Таким его вынесли к гостям, подняв с постели, и таким он оставался пять лет спустя, когда его увозили из Пугачева.
Подходя к дому, С-вы столкнулись с регентом Михаилом Васильевичем, а войдя, увидели среди собравшихся громоздкую фигуру диакона Федора Трофимовича Медведева. Едва присутствовавших перезнакомили между собой, едва Михаил Васильевич успел извиниться за свою «Панюрку», которая не могла оставить прихворнувшего ребенка, как явились последние приглашенные, второй псаломщик Димитрий Васильевич, и его жена, как и Моченева, тоже Женя. Оба высокие, темноволосые, хорошо одетые, чего нельзя было сказать об остальных гостях, веселые и, видимо, свои люди в этом доме, так как отец Александр встретил их шутливым возгласом:
– Вот и молодожены явились! Их, как полагается, посадим в передний угол. Честь и место!
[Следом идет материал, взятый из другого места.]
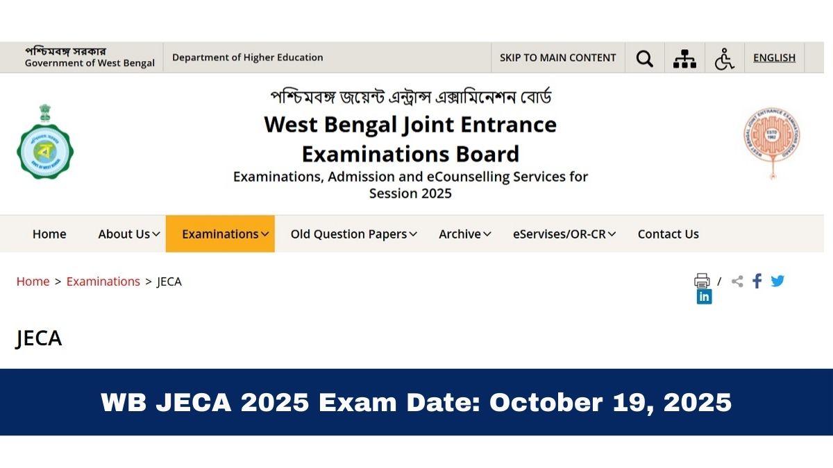 WB JECA 2025: Important Dates Announced; Exam on Oct 19, 2025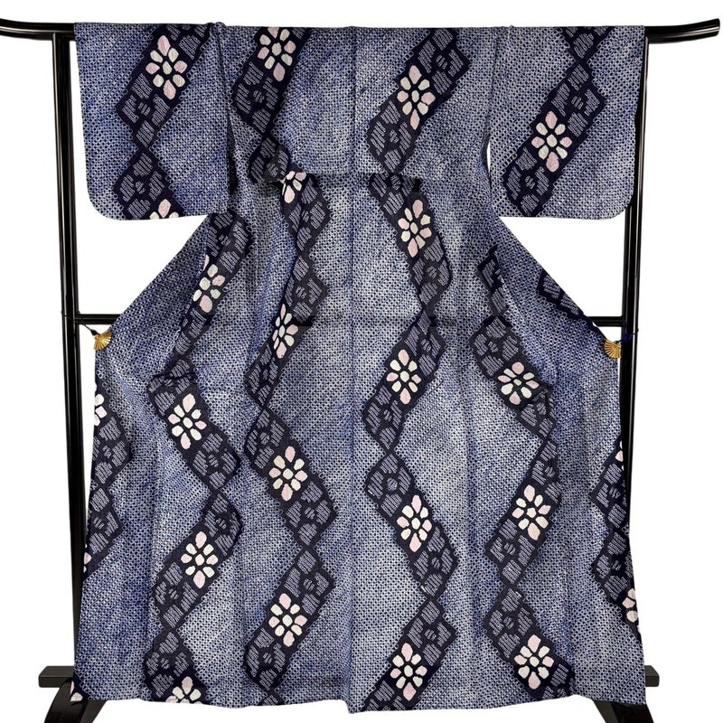 【浴衣】 青系 紺色 名品 A 約160cm~約169cm 裄丈65cm (M)size 袖丈46cm以下 9990-29990 美品 五万以下

Проходите!
– Какие же мы молодожены, отец Александр?! – низким грудным голосом возражала вновь прибывшая, поправляя золотое пенсне на слегка прищуренных близоруких глазах. – Мы раньше ваших поженились.
– Ничего не знаю, раз держите себя как молодожены, значит, такие и есть. Садитесь, садитесь, не задерживайте людей!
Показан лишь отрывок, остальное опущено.